En este contexto el profesor que se dedica a la enseñanza de ELE deberá plantearse al inicio de un curso:”¿Qué español enseñar?” Esta cuestión, cuya respuesta es en apariencia sencilla plantea a su vez decenas de interrogantes.

Alguien podría responder que si un estudiante viene a España a aprender español, lo normal sería enseñar el “español de España”. Desde luego la respuesta tiene lógica pero ¿y si ese mismo estudiante que está aprendiendo español lo hace porque quiere trasladarse a vivir a Argentina?

Alguien propondría, para evitar problemas de este tipo, que la lengua objeto de enseñanza fuera el “español estándar” lo que nos lleva a plantear otra pregunta de difícil respuesta; ¿qué es el español estándar? ¿Quién decide los usos lingüísticos que quedan dentro o fuera de ese campo? Otros propondrían que el español estándar es el español de España.

Esto no solamente es injustificable desde el punto de vista demográfico, puesto que los españoles únicamente aportamos  un 10% del total de hablantes sino que también, supondría ignorar la tradición literaria de los países latinoamericanos.

Lo que en apariencia era una pregunta nos ha conducido a un laberinto de infinitas dudas acerca de cuál es la variedad o norma que debemos enseñar en nuestras clases de español.

Cada uno de los enfoques propuestos requiere ser matizado y especificado pero en todo caso diremos que es el profesor quien decidirá: pensando principalmente en las necesidades del alumno.

Estas necesidades lingüísticas no serán las mismas entre estudiantes dentro de programas de inmersión que estudiantes de cursos realizados en países donde el español no sea lengua oficial.

Lamentablemente no podemos aportar una respuesta universal a cada una de las preguntas anteriormente expuestas, quedará en manos del propio docente el tema de las variantes pero lo que sí podemos clarificar desde ahora es que lo lógico sería que si el programa de español se imparte en un país de habla hispana, la variedad del español que tenga que imponerse (sin perjuicio de enseñar otras) sea la propia del país.

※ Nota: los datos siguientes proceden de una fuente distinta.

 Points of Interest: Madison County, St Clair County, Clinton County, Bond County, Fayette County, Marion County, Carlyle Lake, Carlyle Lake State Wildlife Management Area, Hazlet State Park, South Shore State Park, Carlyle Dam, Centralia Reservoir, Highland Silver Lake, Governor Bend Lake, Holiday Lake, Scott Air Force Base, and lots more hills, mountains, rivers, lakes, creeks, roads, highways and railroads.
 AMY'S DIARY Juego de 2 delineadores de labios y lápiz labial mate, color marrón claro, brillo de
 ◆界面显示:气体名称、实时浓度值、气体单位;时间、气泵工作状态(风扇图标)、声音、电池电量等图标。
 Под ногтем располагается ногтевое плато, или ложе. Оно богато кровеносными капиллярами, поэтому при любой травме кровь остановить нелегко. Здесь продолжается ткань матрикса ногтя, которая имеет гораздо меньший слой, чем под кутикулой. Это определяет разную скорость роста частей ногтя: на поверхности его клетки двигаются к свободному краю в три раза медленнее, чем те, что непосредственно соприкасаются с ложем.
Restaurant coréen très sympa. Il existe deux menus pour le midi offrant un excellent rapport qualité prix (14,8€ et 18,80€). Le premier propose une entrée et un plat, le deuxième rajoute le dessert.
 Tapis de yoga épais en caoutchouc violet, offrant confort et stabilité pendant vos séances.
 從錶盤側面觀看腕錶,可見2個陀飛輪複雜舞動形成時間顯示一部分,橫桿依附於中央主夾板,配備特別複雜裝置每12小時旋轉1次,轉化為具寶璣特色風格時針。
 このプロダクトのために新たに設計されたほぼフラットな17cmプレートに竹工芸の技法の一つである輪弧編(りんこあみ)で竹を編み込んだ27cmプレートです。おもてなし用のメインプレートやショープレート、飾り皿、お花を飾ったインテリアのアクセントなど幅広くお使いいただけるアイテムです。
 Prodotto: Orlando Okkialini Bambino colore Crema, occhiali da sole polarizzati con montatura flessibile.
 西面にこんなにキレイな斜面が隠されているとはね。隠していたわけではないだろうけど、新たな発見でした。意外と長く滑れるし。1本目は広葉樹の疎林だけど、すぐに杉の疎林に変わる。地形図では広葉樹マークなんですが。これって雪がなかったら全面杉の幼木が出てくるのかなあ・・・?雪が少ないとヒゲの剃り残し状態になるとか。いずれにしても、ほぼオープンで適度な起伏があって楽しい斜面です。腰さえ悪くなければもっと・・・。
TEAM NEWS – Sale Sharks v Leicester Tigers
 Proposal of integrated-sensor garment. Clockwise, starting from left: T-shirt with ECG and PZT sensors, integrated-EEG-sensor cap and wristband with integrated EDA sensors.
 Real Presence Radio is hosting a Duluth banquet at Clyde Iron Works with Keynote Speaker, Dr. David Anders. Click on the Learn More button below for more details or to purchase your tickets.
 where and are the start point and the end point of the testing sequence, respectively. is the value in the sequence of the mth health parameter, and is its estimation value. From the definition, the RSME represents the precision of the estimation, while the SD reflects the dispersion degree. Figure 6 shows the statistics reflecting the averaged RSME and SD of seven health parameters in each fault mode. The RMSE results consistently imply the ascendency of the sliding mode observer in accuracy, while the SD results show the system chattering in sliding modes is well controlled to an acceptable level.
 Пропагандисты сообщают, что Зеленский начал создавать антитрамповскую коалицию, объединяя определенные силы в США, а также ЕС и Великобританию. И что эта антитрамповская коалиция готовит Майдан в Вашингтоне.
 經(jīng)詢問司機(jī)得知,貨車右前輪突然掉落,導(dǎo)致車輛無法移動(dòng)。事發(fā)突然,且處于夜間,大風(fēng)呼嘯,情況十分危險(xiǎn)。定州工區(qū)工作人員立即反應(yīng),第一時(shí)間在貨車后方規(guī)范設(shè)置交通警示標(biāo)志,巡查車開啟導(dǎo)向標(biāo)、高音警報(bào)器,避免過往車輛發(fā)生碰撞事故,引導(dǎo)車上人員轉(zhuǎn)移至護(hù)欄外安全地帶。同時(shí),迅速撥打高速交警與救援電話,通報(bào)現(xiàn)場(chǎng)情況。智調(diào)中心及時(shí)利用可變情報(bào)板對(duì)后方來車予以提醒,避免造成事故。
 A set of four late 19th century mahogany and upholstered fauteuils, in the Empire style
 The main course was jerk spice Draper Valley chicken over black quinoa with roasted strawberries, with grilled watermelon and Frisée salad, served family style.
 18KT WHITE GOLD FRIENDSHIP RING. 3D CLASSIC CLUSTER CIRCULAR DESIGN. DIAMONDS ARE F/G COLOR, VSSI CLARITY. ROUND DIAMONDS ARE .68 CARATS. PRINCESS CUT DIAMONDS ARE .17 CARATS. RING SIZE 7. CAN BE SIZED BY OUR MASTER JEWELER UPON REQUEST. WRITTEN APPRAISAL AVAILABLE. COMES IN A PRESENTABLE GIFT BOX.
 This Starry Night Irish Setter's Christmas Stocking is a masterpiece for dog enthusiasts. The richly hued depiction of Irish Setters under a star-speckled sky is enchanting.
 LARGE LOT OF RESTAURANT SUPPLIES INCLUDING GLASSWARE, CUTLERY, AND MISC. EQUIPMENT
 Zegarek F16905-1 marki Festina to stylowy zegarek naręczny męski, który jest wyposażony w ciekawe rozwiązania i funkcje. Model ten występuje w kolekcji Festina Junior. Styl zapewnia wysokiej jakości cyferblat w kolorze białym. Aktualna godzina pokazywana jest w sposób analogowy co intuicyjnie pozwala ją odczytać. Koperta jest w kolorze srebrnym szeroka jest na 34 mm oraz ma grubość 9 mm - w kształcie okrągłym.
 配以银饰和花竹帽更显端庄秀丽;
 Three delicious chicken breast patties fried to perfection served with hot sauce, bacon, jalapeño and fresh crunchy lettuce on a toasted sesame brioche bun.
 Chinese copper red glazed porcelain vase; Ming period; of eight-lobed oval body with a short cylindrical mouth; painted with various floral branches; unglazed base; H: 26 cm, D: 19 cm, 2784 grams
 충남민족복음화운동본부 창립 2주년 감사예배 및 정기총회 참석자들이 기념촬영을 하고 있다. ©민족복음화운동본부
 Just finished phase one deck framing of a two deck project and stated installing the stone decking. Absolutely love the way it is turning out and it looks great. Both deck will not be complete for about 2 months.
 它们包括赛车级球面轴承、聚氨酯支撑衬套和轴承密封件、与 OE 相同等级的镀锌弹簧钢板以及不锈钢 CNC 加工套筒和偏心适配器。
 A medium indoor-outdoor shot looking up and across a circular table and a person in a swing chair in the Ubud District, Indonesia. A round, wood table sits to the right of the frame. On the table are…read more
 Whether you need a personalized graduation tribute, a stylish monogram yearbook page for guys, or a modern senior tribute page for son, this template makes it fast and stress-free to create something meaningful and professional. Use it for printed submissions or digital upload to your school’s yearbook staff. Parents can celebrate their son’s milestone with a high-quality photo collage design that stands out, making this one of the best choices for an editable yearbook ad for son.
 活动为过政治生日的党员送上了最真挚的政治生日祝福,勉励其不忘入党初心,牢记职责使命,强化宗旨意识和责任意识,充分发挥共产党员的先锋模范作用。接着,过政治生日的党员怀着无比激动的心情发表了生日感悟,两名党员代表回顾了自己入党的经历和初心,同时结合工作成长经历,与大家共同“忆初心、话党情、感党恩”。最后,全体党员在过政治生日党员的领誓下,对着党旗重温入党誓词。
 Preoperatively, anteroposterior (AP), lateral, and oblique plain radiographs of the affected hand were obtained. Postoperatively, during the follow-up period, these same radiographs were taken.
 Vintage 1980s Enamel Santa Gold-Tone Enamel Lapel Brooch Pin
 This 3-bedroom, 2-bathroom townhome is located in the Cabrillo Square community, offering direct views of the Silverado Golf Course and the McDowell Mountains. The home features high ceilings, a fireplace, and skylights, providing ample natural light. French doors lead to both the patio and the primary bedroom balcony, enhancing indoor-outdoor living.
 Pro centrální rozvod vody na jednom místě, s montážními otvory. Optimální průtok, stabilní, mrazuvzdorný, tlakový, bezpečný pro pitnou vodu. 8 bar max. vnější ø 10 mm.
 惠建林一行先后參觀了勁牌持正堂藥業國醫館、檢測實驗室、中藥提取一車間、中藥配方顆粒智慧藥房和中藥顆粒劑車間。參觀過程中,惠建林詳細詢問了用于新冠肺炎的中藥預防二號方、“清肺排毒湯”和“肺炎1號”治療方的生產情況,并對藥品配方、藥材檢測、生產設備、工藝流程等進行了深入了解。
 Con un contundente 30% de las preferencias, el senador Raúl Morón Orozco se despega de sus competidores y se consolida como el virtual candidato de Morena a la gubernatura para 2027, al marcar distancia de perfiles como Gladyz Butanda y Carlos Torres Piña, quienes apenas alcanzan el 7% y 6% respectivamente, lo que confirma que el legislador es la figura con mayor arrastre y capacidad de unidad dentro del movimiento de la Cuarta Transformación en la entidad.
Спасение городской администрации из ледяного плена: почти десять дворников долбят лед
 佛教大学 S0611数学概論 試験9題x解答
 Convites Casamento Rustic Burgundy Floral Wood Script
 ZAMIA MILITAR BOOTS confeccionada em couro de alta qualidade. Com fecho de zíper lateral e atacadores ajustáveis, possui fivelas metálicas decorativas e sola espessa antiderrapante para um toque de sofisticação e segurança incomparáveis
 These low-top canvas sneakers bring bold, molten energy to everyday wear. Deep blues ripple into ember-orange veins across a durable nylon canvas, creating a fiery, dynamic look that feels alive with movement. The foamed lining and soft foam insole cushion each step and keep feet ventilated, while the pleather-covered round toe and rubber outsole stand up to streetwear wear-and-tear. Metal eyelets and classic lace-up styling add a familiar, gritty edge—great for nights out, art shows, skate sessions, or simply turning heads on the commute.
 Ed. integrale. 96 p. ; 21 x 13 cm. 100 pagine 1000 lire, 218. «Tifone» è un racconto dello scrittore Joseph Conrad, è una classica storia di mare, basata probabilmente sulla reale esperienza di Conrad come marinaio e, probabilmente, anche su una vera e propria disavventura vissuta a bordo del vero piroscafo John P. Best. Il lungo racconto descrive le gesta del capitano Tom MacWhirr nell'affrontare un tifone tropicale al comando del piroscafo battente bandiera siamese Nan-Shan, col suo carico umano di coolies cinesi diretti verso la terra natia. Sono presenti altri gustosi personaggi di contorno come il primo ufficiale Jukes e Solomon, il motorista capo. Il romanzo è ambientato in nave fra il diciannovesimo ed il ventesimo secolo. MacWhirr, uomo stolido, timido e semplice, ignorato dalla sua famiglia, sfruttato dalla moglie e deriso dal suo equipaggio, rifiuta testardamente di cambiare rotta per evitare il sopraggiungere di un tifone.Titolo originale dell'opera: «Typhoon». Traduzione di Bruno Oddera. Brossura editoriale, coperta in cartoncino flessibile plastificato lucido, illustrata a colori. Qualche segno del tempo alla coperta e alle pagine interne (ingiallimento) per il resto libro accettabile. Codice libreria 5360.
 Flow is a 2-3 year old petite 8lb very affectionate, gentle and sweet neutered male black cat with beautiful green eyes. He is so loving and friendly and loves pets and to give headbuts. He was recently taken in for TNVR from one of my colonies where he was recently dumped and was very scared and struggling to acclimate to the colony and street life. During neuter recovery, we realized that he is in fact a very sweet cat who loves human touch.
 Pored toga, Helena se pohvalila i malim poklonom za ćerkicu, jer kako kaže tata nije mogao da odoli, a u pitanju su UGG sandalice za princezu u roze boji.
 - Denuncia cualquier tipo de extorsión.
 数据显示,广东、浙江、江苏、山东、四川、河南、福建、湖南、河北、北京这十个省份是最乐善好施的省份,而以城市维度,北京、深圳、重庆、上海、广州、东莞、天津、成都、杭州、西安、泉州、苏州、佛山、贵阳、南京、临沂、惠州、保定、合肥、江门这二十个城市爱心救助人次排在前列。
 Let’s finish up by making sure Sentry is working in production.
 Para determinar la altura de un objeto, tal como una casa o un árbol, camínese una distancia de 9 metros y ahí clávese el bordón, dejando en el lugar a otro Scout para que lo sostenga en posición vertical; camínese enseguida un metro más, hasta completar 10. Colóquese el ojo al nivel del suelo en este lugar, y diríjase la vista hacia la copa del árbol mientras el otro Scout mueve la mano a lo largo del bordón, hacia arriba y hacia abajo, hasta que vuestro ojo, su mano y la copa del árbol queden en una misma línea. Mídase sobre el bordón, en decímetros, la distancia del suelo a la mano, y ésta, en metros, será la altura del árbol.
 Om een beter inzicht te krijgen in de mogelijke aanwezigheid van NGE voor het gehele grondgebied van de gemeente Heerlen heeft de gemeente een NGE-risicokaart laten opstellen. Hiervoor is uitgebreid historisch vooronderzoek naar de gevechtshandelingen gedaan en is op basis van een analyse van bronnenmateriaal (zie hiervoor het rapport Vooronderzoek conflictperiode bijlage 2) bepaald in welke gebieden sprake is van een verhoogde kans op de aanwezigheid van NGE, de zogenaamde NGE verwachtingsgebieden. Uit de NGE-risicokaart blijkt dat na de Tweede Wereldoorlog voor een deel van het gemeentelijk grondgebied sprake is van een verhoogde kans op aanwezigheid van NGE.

No obstante, en el caso de programas de ELE en países de habla no hispana deberán de atenderse a otro tipo de factores como por ejemplo: la influencia cultural y económica o la cercanía geográfica.

La variación es algo innato a todas las lenguas que debemos interpretar no como un problema sino como una fuente de inspiración en nuestra labor docente y una manifestación de la riqueza cultural de una lengua compartida por más de 300 millones de hablantes en todo el mundo.

Veamos las diferencias idiomáticas a través de dos obras maestras de la literatura en lengua española: ‘Sangre Gorda’ de Serafín y Joaquín Álvarez Quintero y ‘El Gaucho Martín Fierro’ de José Hernández

‘Sangre Gorda’ Serafín y Joaquín Álvarez Quintero

Serafín Álvarez Quintero (Sevilla, 26 de marzo de 1871- Madrid, 12 de abril de 1938) y  Joaquín Álvarez Quintero (Sevilla, 20 de enero de 1873 – Madrid, 14 de junio de 1944) conocidos artísticamente como los hermanos Álvarez Quintero, representaron uno de los mayores exponentes del teatro popular y costumbrista español desde finales del siglo XIX hasta 1938 (año en que murió Serafín).

Andalucía está muy presente en toda la obra de los hermanos Álvarez Quintero, se calcula que más de dos tercios de su producción total se desarrolla en esa provincia española. De esta forma, la tierra que los vio nacer se convierte en fuente continua de inspiración para sus piezas teatrales; las cuales, reflejan el modo de ser y la idiosincrasia de sus paisanos.

A través de la lengua consiguen caracterizar a los personajes que la emplean. Y puesto que lo que persiguen es recoger los usos, costumbres y el habla andaluz, con el fin de captar su vida cotidiana: los Quintero prestan especial atención a la fonética: empleando en sus piezas teatrales expresiones características del español meridional que a continuación veremos mediante el análisis de una de sus obras: sangre gorda.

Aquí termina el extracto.